Friday, August 6, 2010

I was talking on the phone with a friend yesterday, and I asked him if he'd read Robinson's Gilead. His answer: "I despise that book." Naturally I asked why, and he responded with something about Protestant sentimentality and then, with a rush of anger, he said, "Maybe it's just because I'm a Jew and I basically think Christians are murderers." And then, in the next angry breath, he told me I should write an essay about Robinson and explain what I think about her because he really needs to read it. And then he sent me an email saying that again.
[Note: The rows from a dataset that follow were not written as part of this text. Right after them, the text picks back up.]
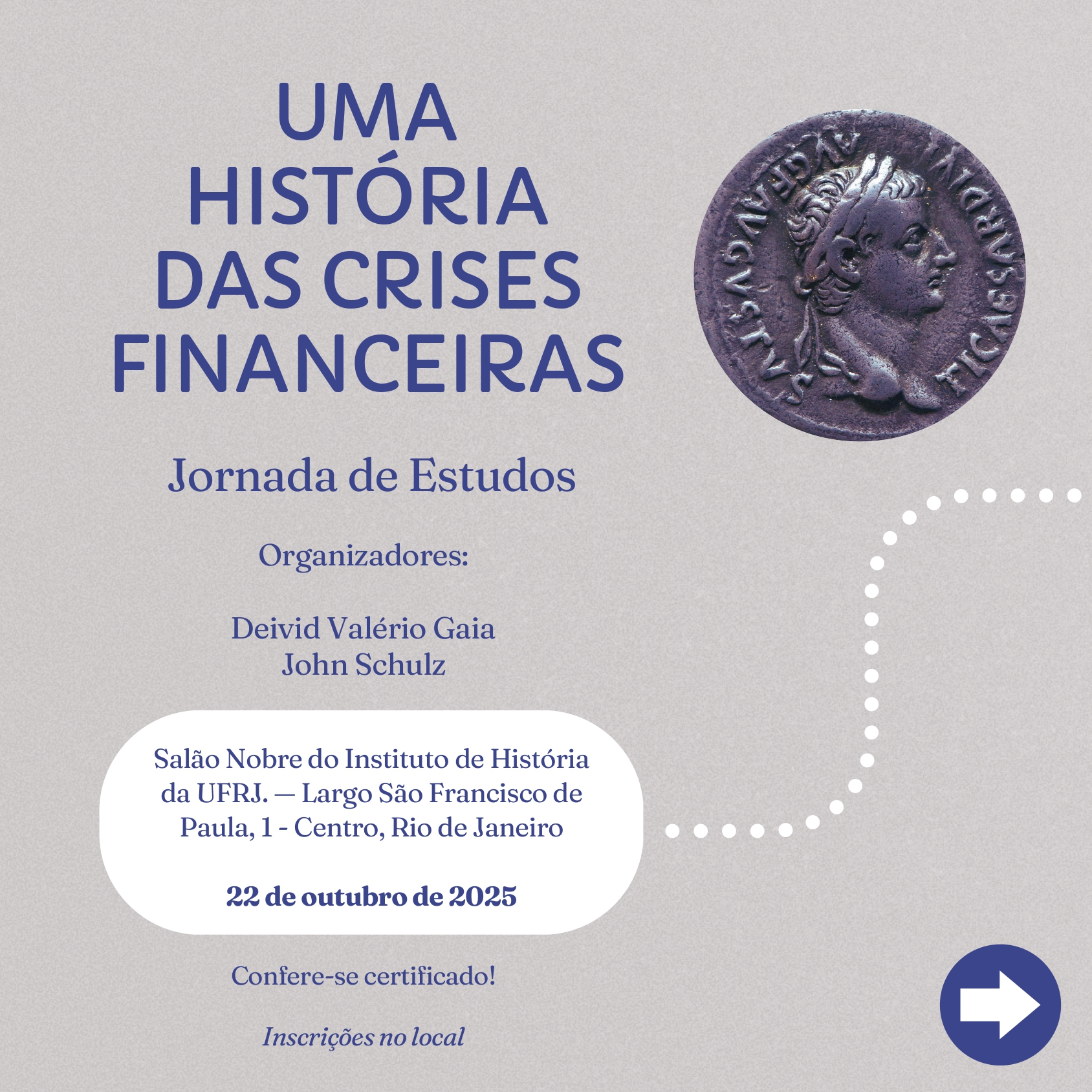 No dia 22 de outubro de 2025, será realizada a Jornada de Estudos "Uma história das crises financeiras", organizada por Deivid Valério Gaia e John Sch...
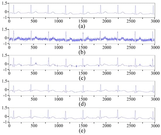 With the progress of science and technology, automatic analysis and diagnosis systems based on electrocardiogram (ECG) signals have been extensively investigated to detect and diagnose cardiac diseases [1,2,3,4,5]. The use of an ECG automatic analysis and diagnosis system not only reduces the workload of doctors but also improves diagnostic efficiency and accuracy. ECG is a synthesized reflection of heart electrical activity in the human body used to obtain the cardiac rhythm and electrical conduction of physiological and pathological information [6,7]. However, ECG signals are often mixed with various noises and artefacts. As a result, examiners experience difficulty distinguishing normal signals from arrhythmia signals. Pre-processing of ECG signals is necessary to reduce various interferences. Some techniques based on digital filters have been employed to remove noise and power-line interference from biomedical signals [8,9,10]. Other mathematical morphological algorithms are applied in signal pre-processing [11,12]. Wavelet transform (WT) method based on its good time-frequency property for signal denoising have been popularly developed and applied to eliminate noise effectively in ECG identification system [13,14,15,16]. In addition, an adaptive filtering algorithm for ECG denoising was proposed and compared with the denoising method based on wavelet shrinkage [17]. An approach based on empirical mode decomposition and an improved approximate envelope method was also presented for ECG signal processing [18].
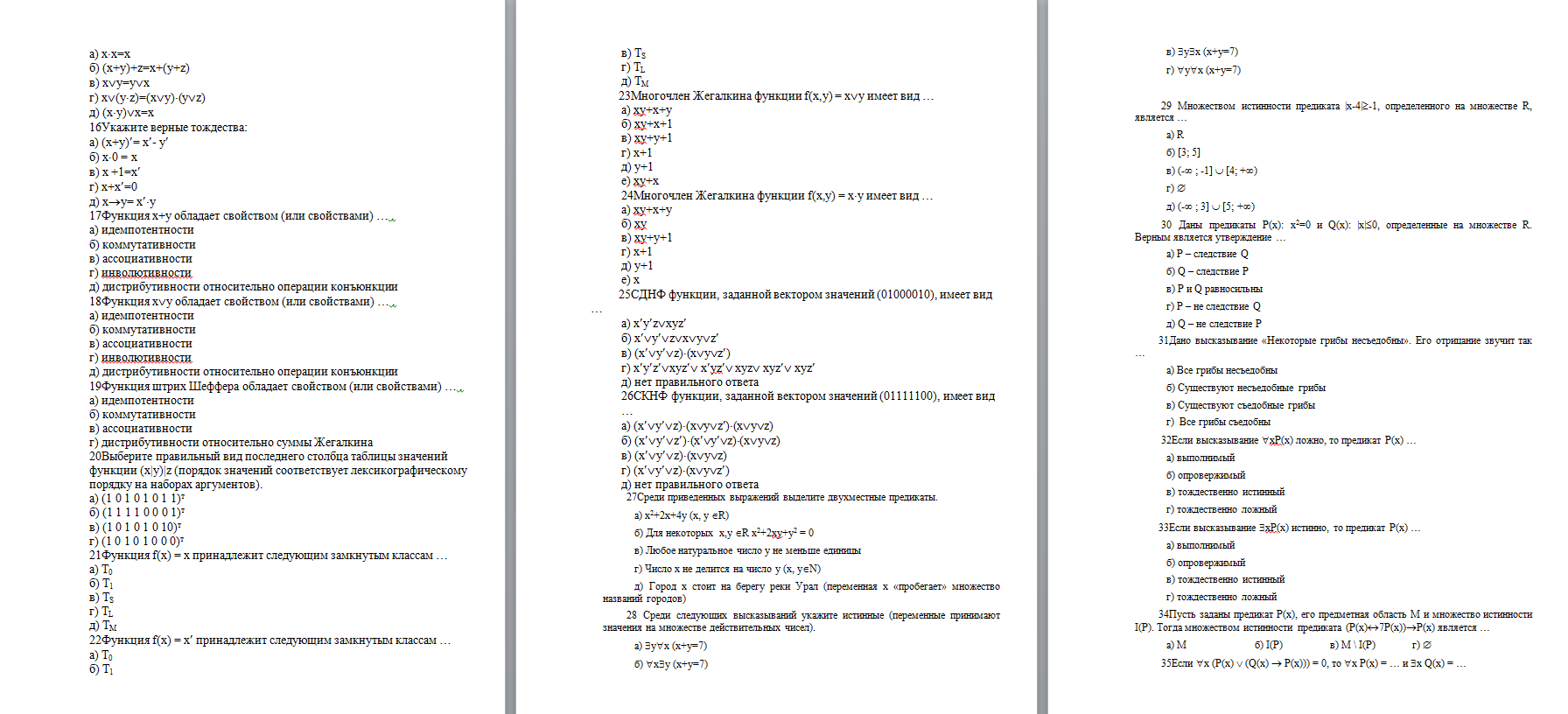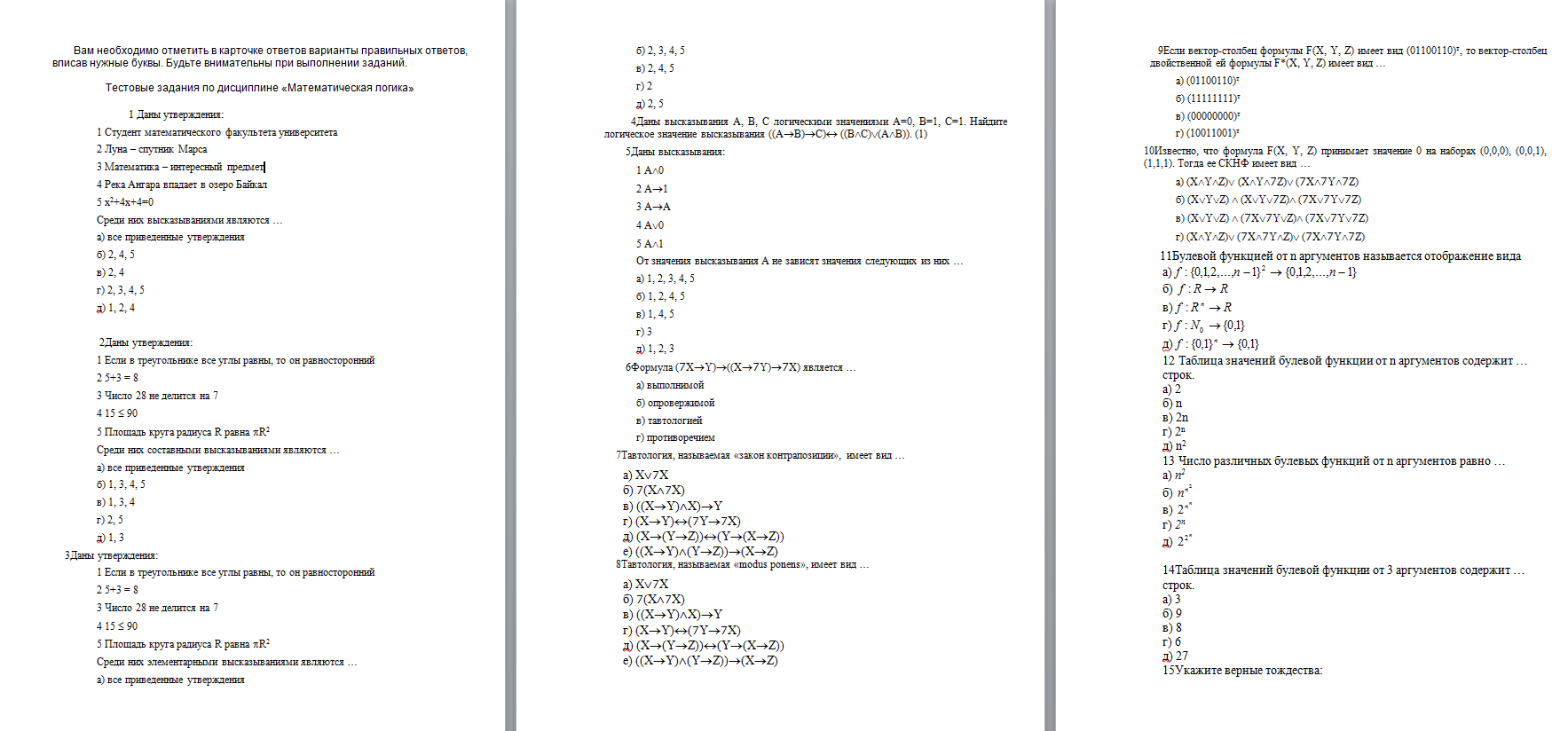 Тестовые задания по дисциплине «Математическая логика»
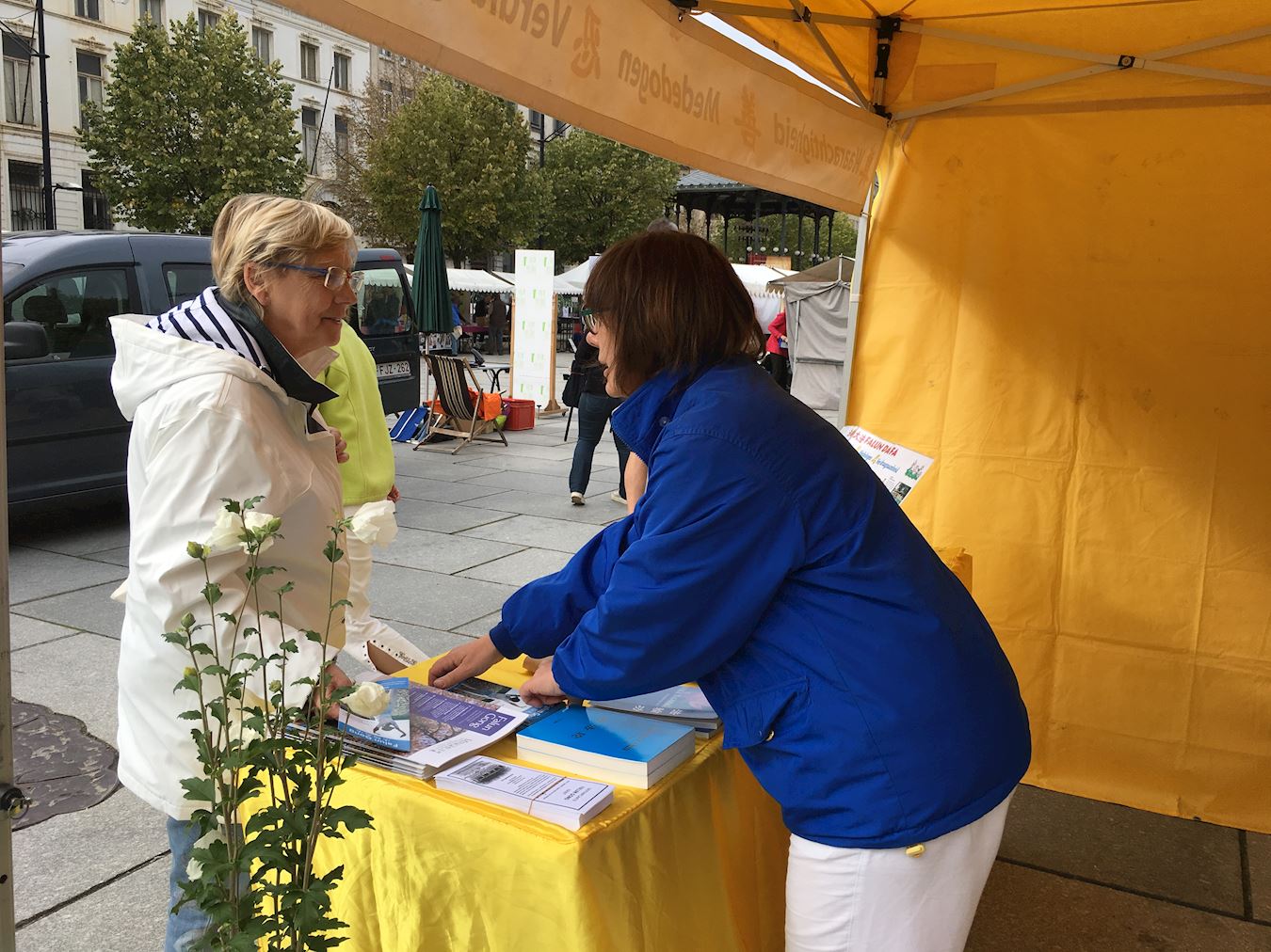 二零一七年九月十六日,在文化市场上,法轮功学员向广大民众传递着法轮大法的美好,传递着这来自东方的文化。
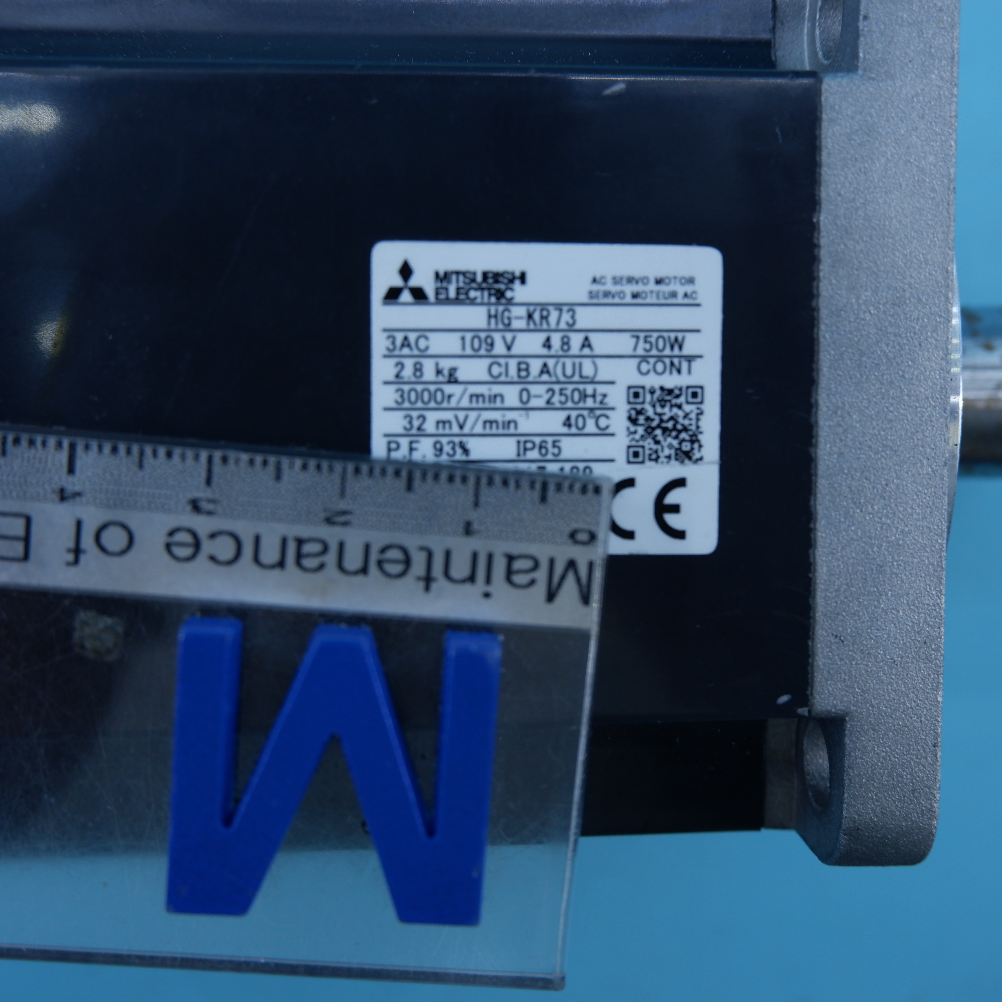 MANUFACTURER : MITSUBISHI MODEL : AC SERVO MOTOR 3AC 109V 4.8A 750W HG-KR73
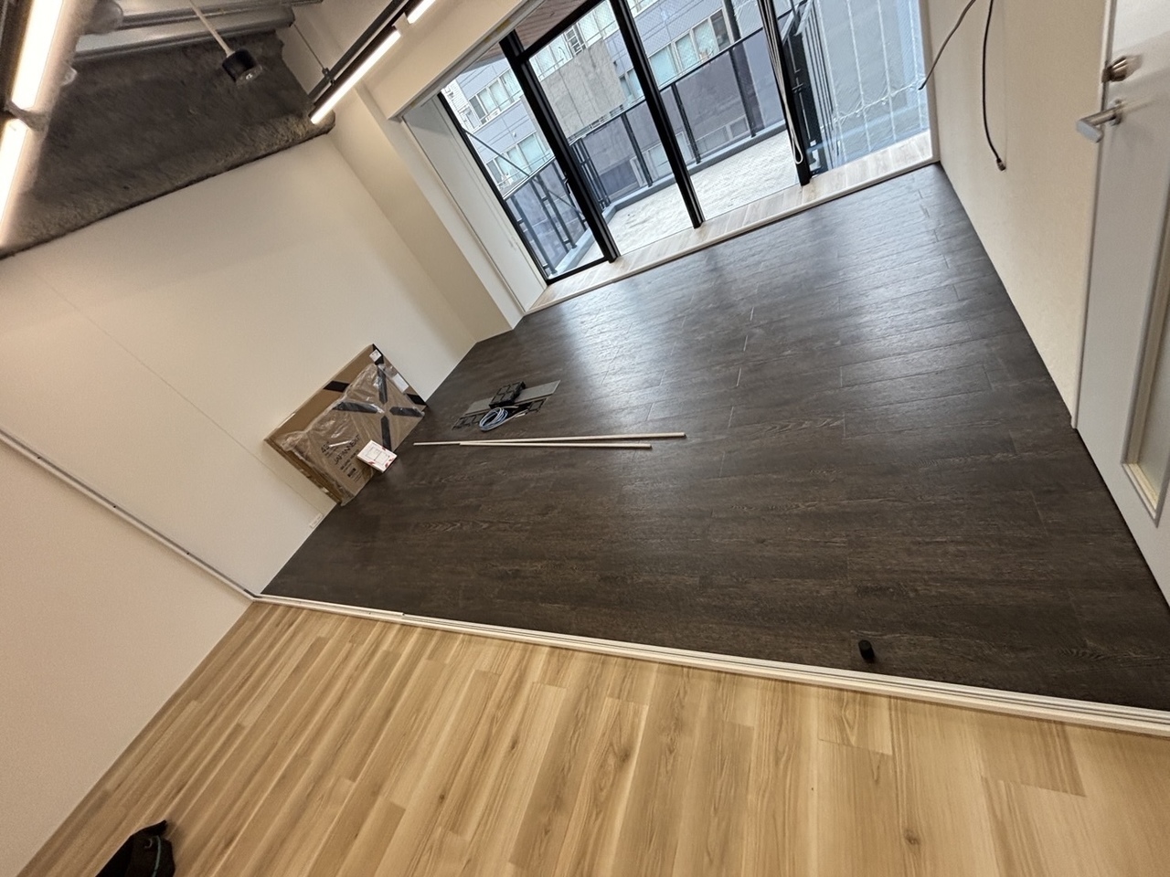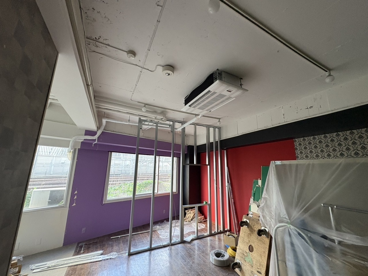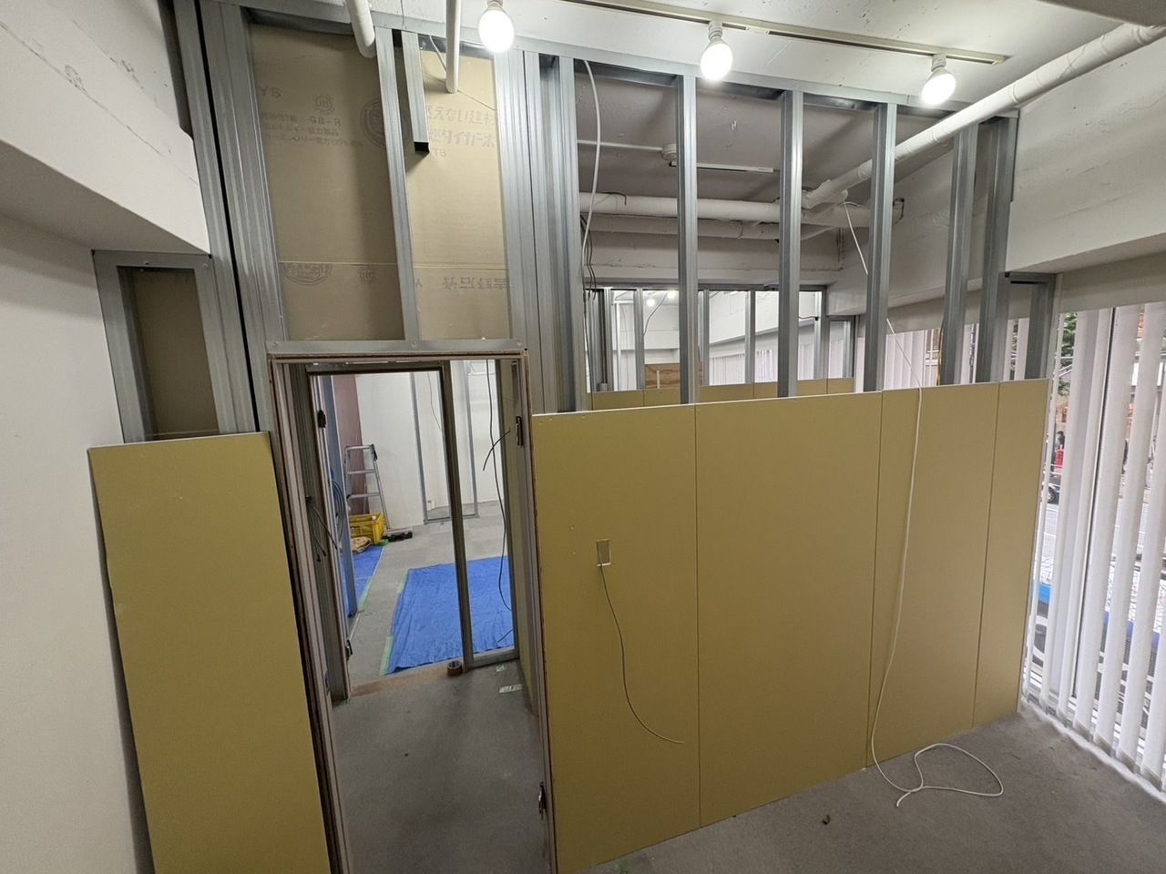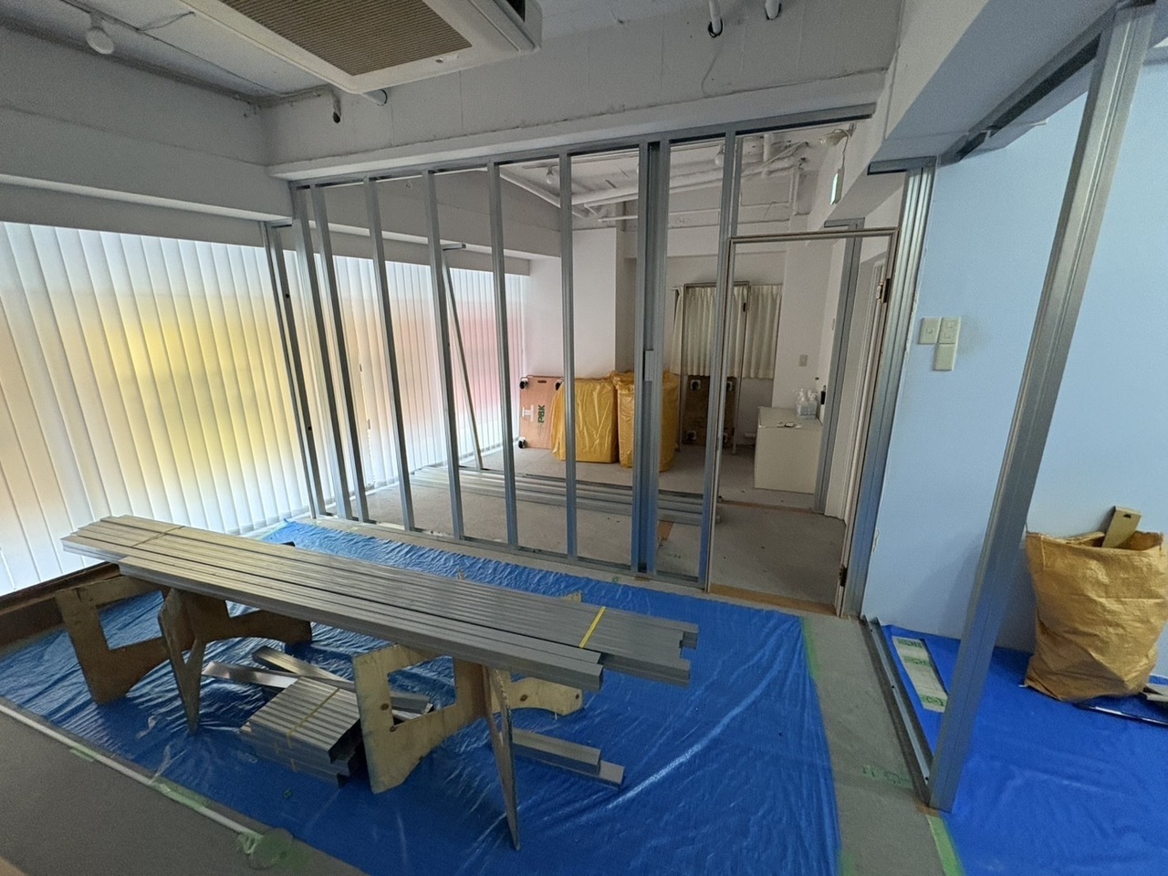 今回は間仕切工事と床の工事を行いました。
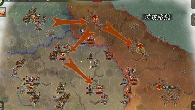 本关需坚守三处要地,歼灭四支主力部队及共三十二支敌军。开局优先向右推进,确保在三至四回合内攻下首个红圈城池以触发剧情。初始城与右侧黄圈城为五级城,前期仅初始城可补充兵力。中途中部三级城可能失守,需依行进路线回防,再稳步推进。黄圈位置藏有三张步兵指挥官卷轴。

Maybe I should write him this essay, but I don't know. I really don't know. At the moment, the thought of undertaking another prose odyssey makes me tired; more than tired: it makes me bone-weary. Within the past three years, I've written two complete books of prose, plus a number of unconnected literary and personal essays.What I do think is that I should be writing poems again. I just have this feeling, this prickling behind my sinuses, that I need to retire from prose, at least for a while.

This could all be chalked up to late summer exhaustion. But to tell the truth, I do not feel smart enough, or coherent enough, to explain the power of sweetness in fiction, to worm my ways through the literary mysteries of the white Protestant mind, to track down the discontinuities between a character and the authorial presence who lurks behind him. I'm daunted, and I'm tired.

Anyway, I have to edit a textbook and mow grass. I shouldn't even be wasting time imagining I could write anything, even something so desirable as a poem. Please understand that I don't say this so that you will feel obliged to leave a comment encouraging me to make time for my writing. I make all too much time to write. I make not enough time to earn a living. This is an unfortunate state of affairs, when it comes to paying for a trip to Montreal and buying a freezer pig.

1 comment:

charlotte gordon said...

I love the competing demands in your life: freezer pigs and grass mowing. Listen to those sinuses of yours.